Clinton’s task, in Borosage’s view, is not an easy one for a politician who has been in the national spotlight for more than a quarter of a century: “H.R.C.’s challenge is to claim the future — one that is different than the past,” Borosage wrote.

In his speech in Philadelphia on Tuesday, Bill Clinton sought to address the issue Borosage raises of how Hillary Clinton can plausibly “claim the future.” The former president referred to his wife’s record of making “positive changes in people’s lives” and noted that his wife is a “woman who has never been satisfied with the status quo in anything.”

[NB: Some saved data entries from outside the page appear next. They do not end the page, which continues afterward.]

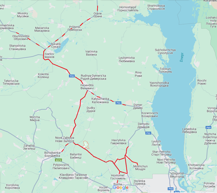 Kohe lasi UKR pool (peamiselt 72. brigaad) õhku Kiievi suunal olevad sillad (Tšernobõli, Ivankovi, Dymeri, Demidovi, Gostomeli ja Irpeni lähedal).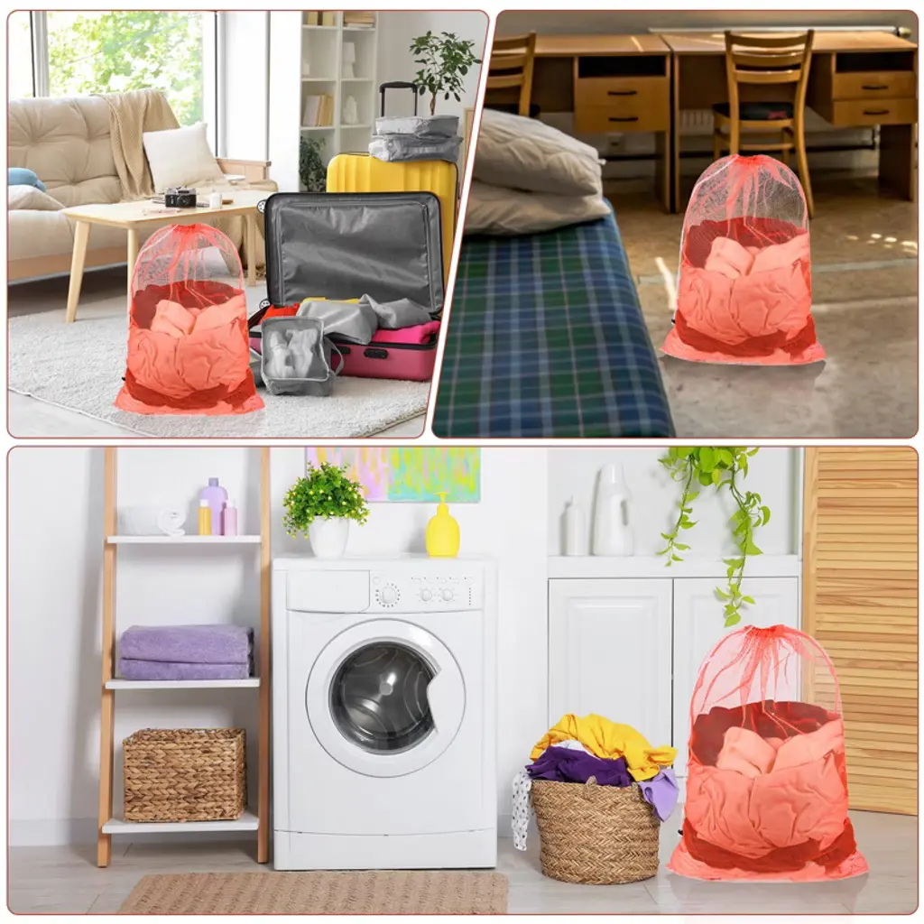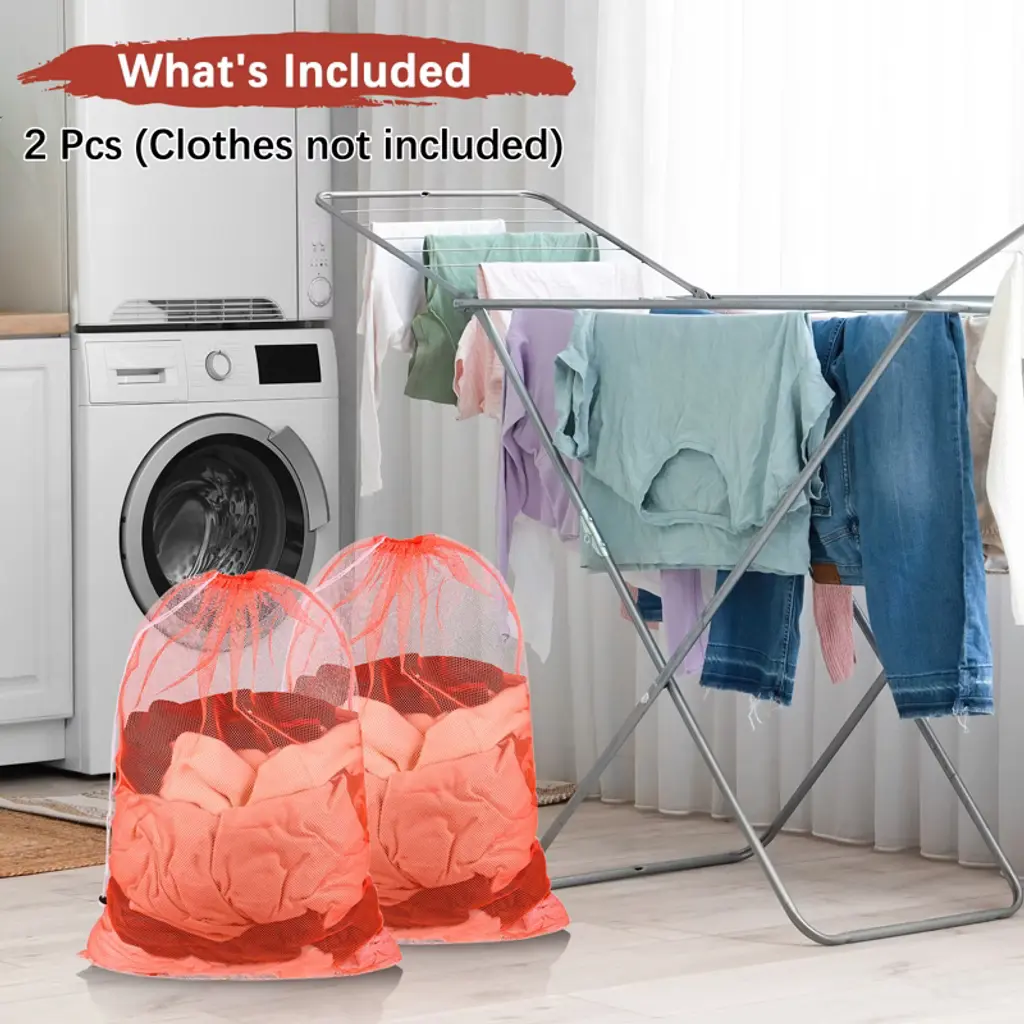 Unique Bargains Mesh Durable Washable Laundry Bag 2 Pcs Orange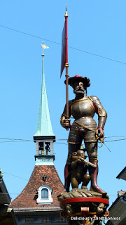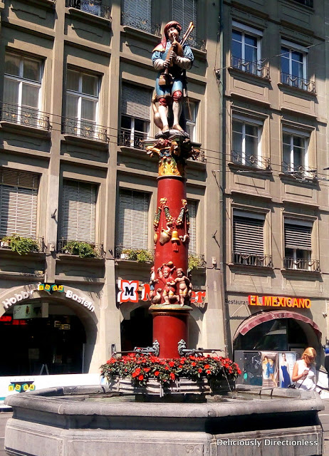 PinPinThe Kindlifresserbrunnen (Ogre Fountain) on Kornhausplatz shows a grotesque ogre gobbling children – Bernese parents have long used this fountain as a threat to discipline their misbehaving children! The Pfeiferbrunnen or the Bagpiper Fountain depicts a barefoot bagpiper, apparently suggesting his exclusion from society. There’s the Simsonbrunnen on Kramgasse, showing the biblical story of Samson slaying a lion with his bare hands, and the Schützenbrunnen or the Musketeer fountain on Marktgasse in front of the Zytglogge (Clock Tower).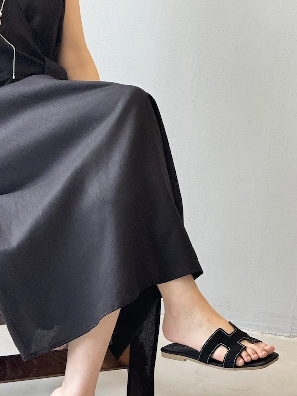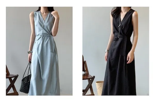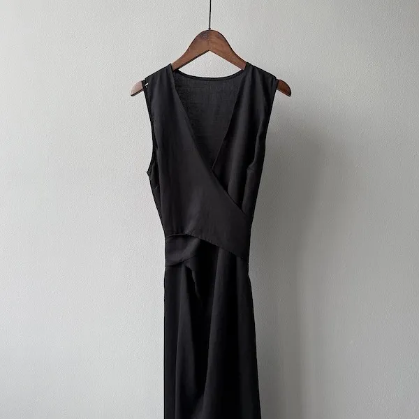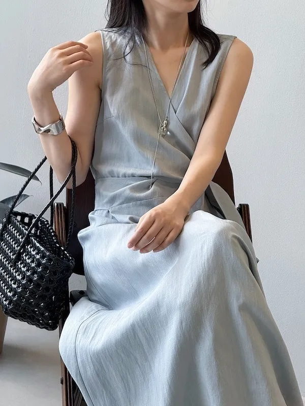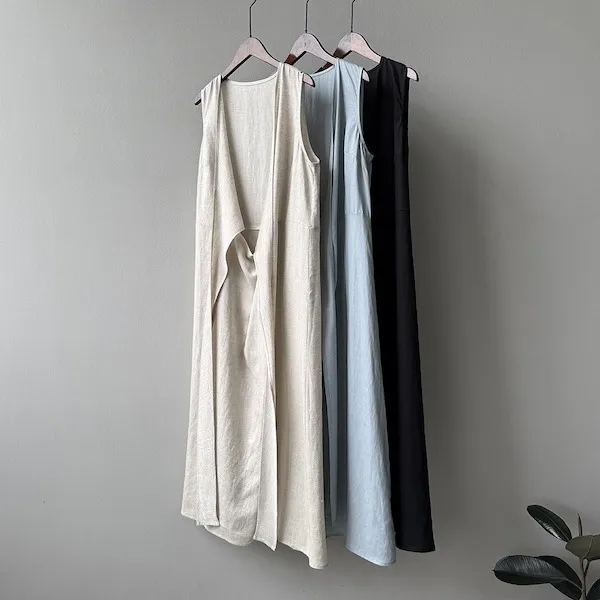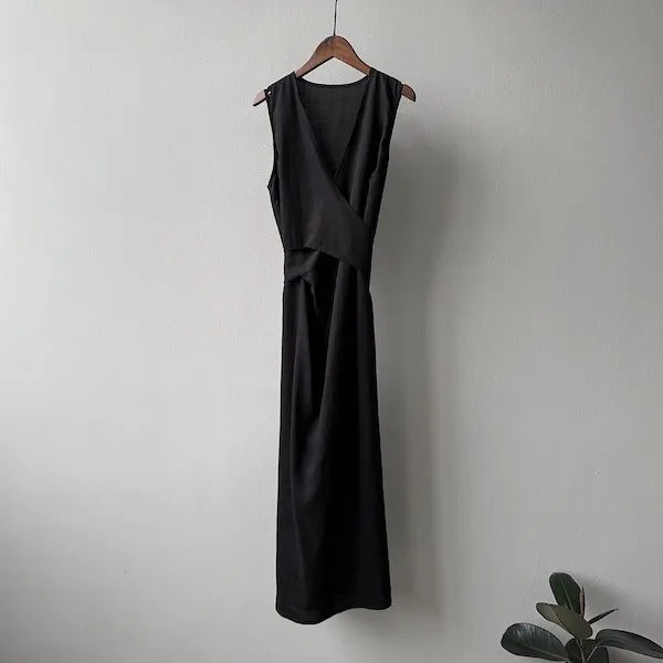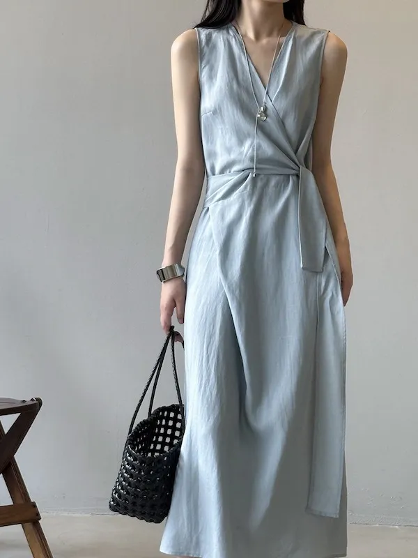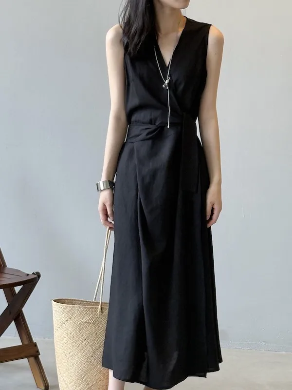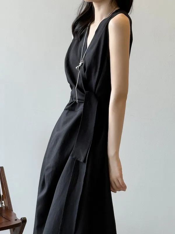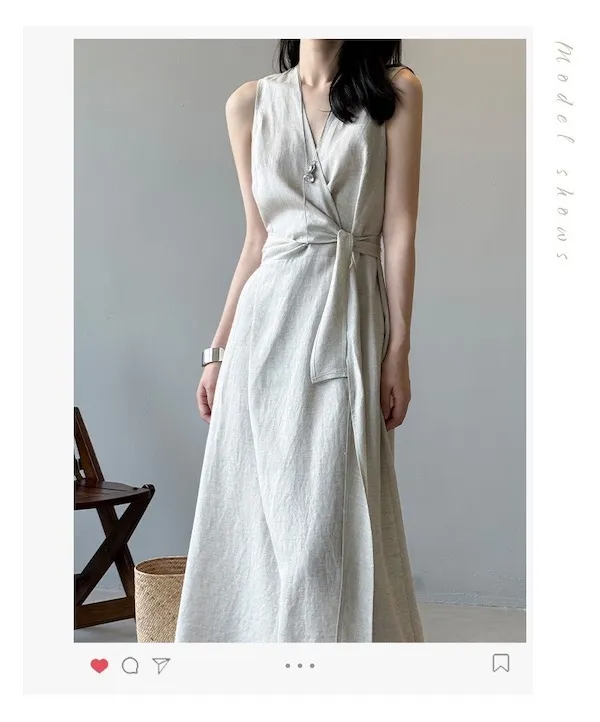 雲水私語 天絲亞麻交叉綁帶洋裝 3色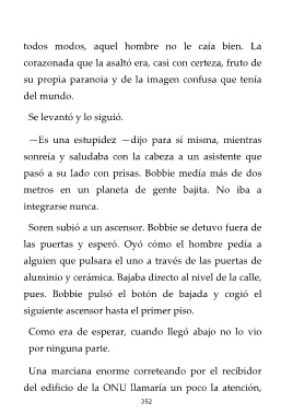 Soren subió a un ascensor. Bobbie se detuvo fuera de
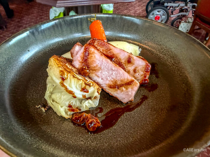 One of the two entrees available is the Chop Chop – It’s Bacon!, which is chargrilled bacon chop served with caramelized half cabbage, honey glazed carrots, and creamy mashed potatoes, then finished with a rich raisin cider and cider jus. A lot is going on here, but it’s all good things! The chargrilled bacon is delicious with that wonderful chargrilled flavor, and the rich raisin cider and cider jus just enhance the flavor isn’t more. The mashed potatoes are very soft and creamy, so much so that they basically melted in our mouths, and have a rich flavor that almost came across as buttery to us. The carrots are pretty soft and easy to bite, and that honey glaze really does make them sweet, which makes them pair well with the cabbage.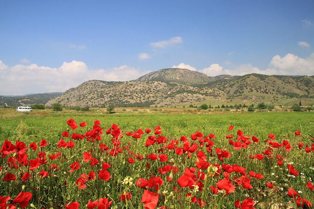 На арендованной машине ехать от Анталии до Памуккале чуть больше 3 часов, с отдыхом почти 4. В нагорье весна, цветут вишни, груши и тополя распускаются. А в нашей теплице уже ближе к +30 и фрукты с ягодами на деревьях висят.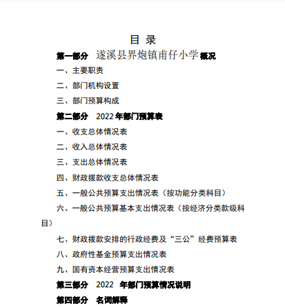 2022年遂溪縣界炮鎮(zhèn)甫仔小學(xué)部門預(yù)算 | | 作者: | 來源:本網(wǎng) | 時(shí)間:2022-05-05 15:23:50 點(diǎn)擊數(shù):- 詳情請(qǐng)見附件:2022年遂溪縣界炮鎮(zhèn)甫仔小學(xué)部門預(yù)算.pdf 【打印正文】

Borosage brought up a second point, that Hillary Clinton, who has campaigned on the theme that she will protect and enhance the Obama legacy, needs to jump an additional hurdle: “Her biggest challenge is to be different than Obama — bolder, challenging Wall Street, corporate trade and tax deals.”

Borosage’s argument — that the Trump campaign is based on attitudes and ingrained belief systems, not on a set of policies — points to the difficulty of addressing Trump’s anti-immigrant rhetoric.

Douglas Massey, a professor of sociology at Princeton and the author of “Beyond Smoke and Mirrors: Mexican Immigration in an Age of Economic Integration” pointed out in an email, for example, that net illegal migration has been zero or negative for eight years, so building walls and increasing border enforcement is addressing a problem that no longer exists.

Similarly, The Wall Street Journal reported in July 2015 that numerous studies have shown that immigrants — regardless of nationality or legal status — are less likely than the native population to commit violent crimes or to be incarcerated.

These facts are unlikely to dissuade voters convinced that immigrants are taking jobs, committing crimes and undermining American values. From their point of view, any crime by an illegal immigrant is one crime too many.

There are many Democrats who believe that taking on Trump does not require nuance or calculation. “When 60 percent of voters say they’ll never consider voting for you and you have a 29 percent approval rating, you’ve got a serious image problem,” Jim Jordan, who managed John Kerry’s presidential campaign and served as executive director of the Democratic Senatorial Campaign Committee, wrote me in an email. “Trump is already gushing blood. This is just blocking and tackling for the Clinton folks.”

Jordan argues that “the two real imperatives” for Democrats are 1) “to deny Trump the ‘I’m-on-your-side’ space,” and 2) “to keep hammering on how bizarre and dangerous he is to America and our interests around the world. His weird man-crush on Putin and his invitation this week to Russia to invade the Baltics seem like good places to start.”

Despite Jordan’s confidence in Democratic presidential prospects, at the moment Trump has moved ahead of Clinton by 1.1 percent in the RealClearPolitics aggregation of recent polling.